For this exercise, retype the lines from the one that holds "外国語の学習では、世界の国々" through the one that holds "Крепится к вертикальному профилю винтом" in the records below, both included, exactly and without pictures.

Study material:
□ □ □ □ □
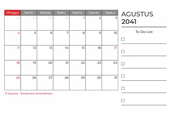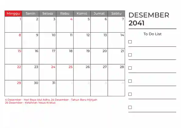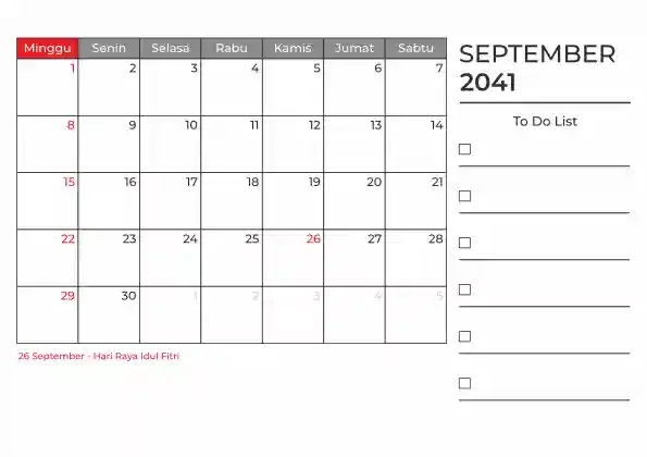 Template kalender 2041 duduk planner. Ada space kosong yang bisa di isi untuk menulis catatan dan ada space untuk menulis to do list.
□ □ □ □ □
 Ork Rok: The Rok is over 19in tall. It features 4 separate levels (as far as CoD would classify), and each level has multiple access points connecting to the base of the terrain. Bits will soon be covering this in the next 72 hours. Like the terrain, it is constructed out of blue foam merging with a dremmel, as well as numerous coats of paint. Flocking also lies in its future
□ □ □ □ □
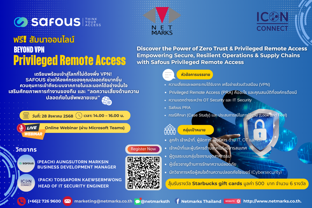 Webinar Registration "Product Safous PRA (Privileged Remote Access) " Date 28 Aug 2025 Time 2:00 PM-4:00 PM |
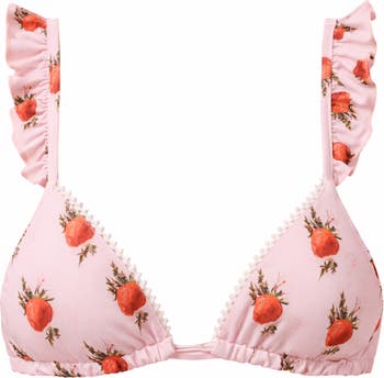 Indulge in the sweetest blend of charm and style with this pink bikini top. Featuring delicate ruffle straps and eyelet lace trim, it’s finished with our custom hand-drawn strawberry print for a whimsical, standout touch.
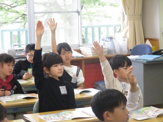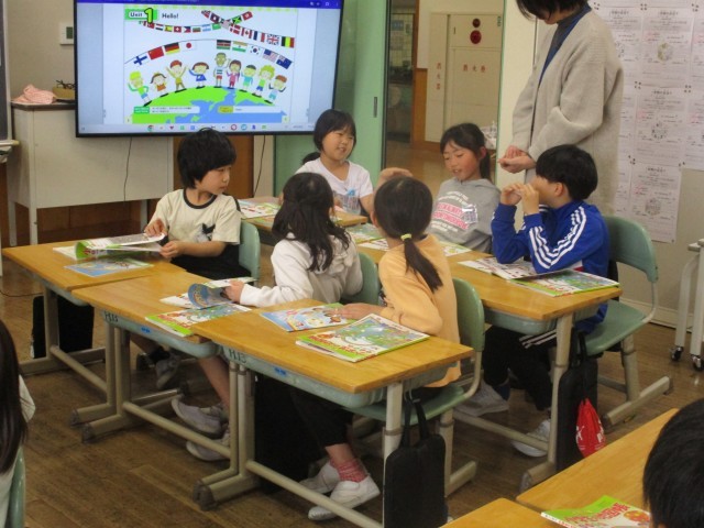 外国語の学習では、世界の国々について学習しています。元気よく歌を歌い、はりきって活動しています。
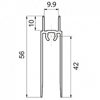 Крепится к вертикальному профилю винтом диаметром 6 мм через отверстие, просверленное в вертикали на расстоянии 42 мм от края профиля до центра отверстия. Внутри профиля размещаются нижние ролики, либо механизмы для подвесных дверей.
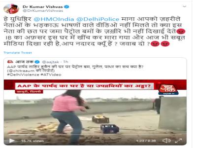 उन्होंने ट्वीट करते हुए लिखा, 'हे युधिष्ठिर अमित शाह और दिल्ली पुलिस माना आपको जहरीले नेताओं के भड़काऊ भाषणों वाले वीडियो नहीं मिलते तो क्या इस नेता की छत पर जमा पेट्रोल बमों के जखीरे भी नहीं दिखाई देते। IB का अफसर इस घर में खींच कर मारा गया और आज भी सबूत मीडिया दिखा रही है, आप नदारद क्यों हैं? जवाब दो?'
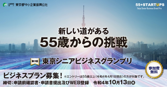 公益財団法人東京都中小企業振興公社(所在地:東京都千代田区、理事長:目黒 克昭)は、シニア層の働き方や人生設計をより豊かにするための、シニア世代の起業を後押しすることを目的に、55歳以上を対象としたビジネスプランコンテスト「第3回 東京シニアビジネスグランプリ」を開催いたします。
□ □ □ □ □
Response for this exercise:
 外国語の学習では、世界の国々について学習しています。元気よく歌を歌い、はりきって活動しています。
 Крепится к вертикальному профилю винтом диаметром 6 мм через отверстие, просверленное в вертикали на расстоянии 42 мм от края профиля до центра отверстия. Внутри профиля размещаются нижние ролики, либо механизмы для подвесных дверей.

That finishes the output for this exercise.